Problem requirements: The expected answer is the set of lines in the data below between the line holding "7 Fabbr A sub 10 interno – abitazione 2" and the line holding "58100 GROSSETO, VIA", inclusive, written out exactly.

Provided material:
--------------------------------

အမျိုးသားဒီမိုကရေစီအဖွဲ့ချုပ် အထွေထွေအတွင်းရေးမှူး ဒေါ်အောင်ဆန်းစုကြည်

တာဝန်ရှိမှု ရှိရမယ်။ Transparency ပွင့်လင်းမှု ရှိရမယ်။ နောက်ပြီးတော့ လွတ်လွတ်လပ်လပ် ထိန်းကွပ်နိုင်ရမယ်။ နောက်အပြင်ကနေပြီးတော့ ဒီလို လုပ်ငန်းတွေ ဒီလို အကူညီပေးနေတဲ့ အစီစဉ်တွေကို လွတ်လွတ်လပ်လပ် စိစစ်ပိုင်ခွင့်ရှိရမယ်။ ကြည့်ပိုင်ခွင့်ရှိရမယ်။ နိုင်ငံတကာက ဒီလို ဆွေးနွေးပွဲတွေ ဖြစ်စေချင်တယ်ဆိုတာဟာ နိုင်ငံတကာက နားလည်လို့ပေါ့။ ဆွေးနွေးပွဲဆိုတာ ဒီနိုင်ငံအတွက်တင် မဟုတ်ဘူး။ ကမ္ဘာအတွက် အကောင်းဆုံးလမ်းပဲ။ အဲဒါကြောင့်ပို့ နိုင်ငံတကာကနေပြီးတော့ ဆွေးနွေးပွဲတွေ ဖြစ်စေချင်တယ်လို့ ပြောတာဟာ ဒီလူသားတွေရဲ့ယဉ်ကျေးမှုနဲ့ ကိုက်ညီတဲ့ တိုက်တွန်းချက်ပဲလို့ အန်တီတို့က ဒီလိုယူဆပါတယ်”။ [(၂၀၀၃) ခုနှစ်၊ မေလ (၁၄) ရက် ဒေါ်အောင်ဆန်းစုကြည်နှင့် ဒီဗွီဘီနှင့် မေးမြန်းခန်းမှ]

--------------------------------

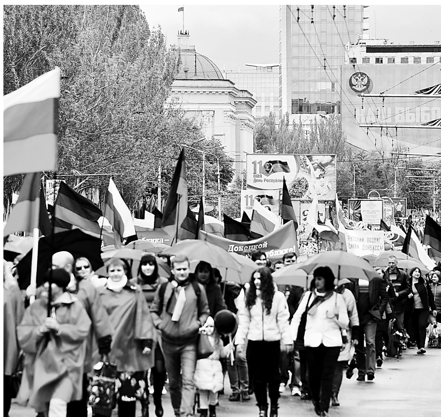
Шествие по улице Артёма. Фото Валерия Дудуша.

--------------------------------

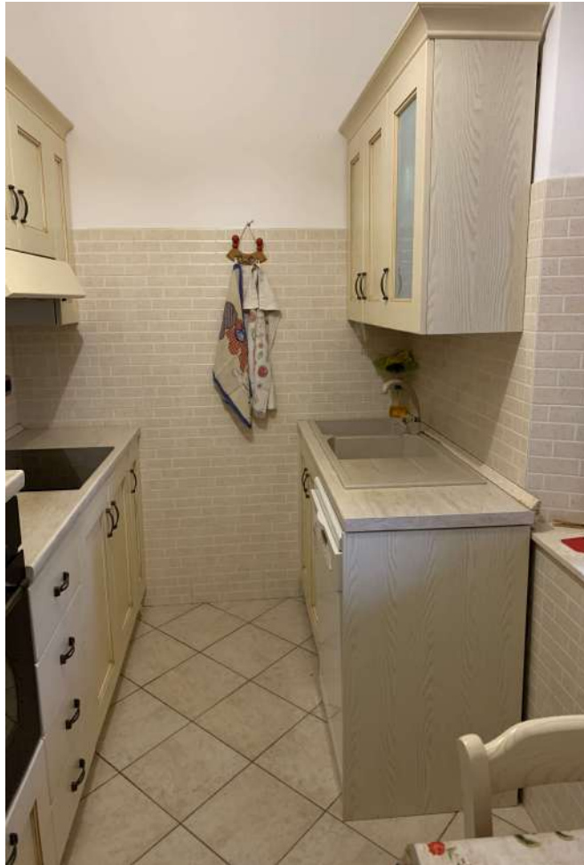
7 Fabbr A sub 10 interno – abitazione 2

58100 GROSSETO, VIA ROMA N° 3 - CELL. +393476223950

--------------------------------

Task response:
7 Fabbr A sub 10 interno – abitazione 2

58100 GROSSETO, VIA ROMA N° 3 - CELL. +393476223950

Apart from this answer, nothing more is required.